You see, whether it's filing our taxes or finding the pizza joint closest to our ZIP code, we always go to only one place to sort out our complex issues -- that very same Internet that's suddenly causing us all this anxiety.
This puts us in a time crunch to figure a way out of this dilemma before we can no longer afford to figure a way out of it.
While there's still time and a few dollars in my bank account, I Googled "problem solving" and came across a simple, three-step process that we can apply:
Step 1: Understand the problem. If you are to be charged a monthly by-the-megabyte rate by your Internet provider, similar to the pilot project under way now in Beaumont, Texas, how much will you pay? Who knows how many zeroes and ones they actually use?
Well, simple desktop applications like BitMeter and Netmeter for Windows computers (SurplusMeter for Macintosh) can give you a fair measure of how many bytes your CPU chews on every day, week or month.
SurplusMeter showed me I'm on a 30GB/month pace, so I'd be paying about a $55 fee if I were under Time Warner's experimental thumb in Beaumont.
But if I ever go over that, I'd have to pay $1 extra per gigabyte. In the near future, when even fridges are hooked up to the Net (see model GD5VVAXT at www.whirlpool.com), everyone can expect their usage numbers to go way, way up.
Step 2: Devise a plan.
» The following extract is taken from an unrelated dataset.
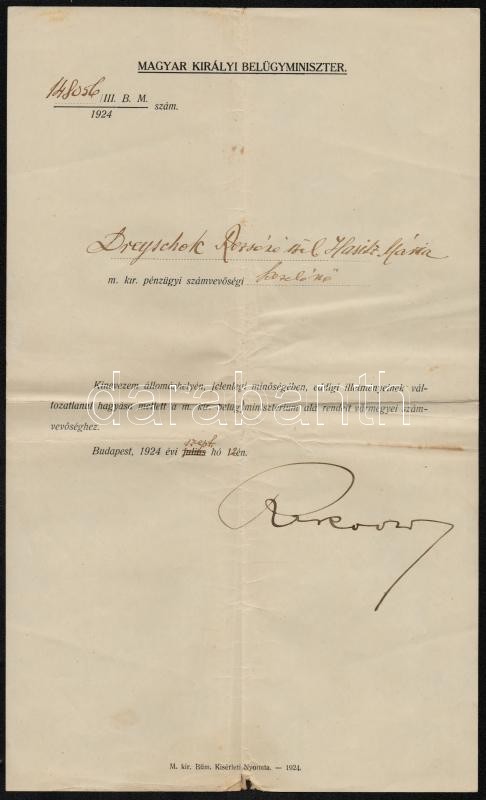 Beschreibung: 1924 Rakovszky Iván belügyminiszter aláírása kinevezésen

The best approach involves a two-pronged attack -- make your own moves and, at the same time, enlist the help of others.
Step 3: Carry out the plan. As alert readers have pointed out, alternative providers, from the nationwide Clearwire to the local Mobi PCS in Hawaii, offer very competitive deals. So competitive, in fact, that major ISPs will likely think twice before doing away with buffet-style usage plans in big cities altogether, less they be further undercut by such services.
In more rural regions, however, broadband options -- just like restaurant or courtship options -- are sparse. Often, you're stuck with Dairy Queen, Beatrice the nightshift manager down at the laundromat, and Comcast.
If you're among those held in such captivity, your best bet is to write your congressman (www.house.gov/writerep) or join groups like InternetforEveryone.org, an initiative created by various organizations to make sure the Internet continues to be "fast and affordable for everyone."
On its home page is an interactive map that reveals state-by-state broadband penetration, and it's clearly proportioned to their comparative wealth (Massachusetts is at 61.1 percent, West Virginia is at 32.7 percent).
The group's point is that a broadband Internet is not a luxury, but rather a necessity for individuals to adequately compete in the Information Age.
Voice your opinion, America, unless you want your pursuit of happiness to be forever corralled into a toll road.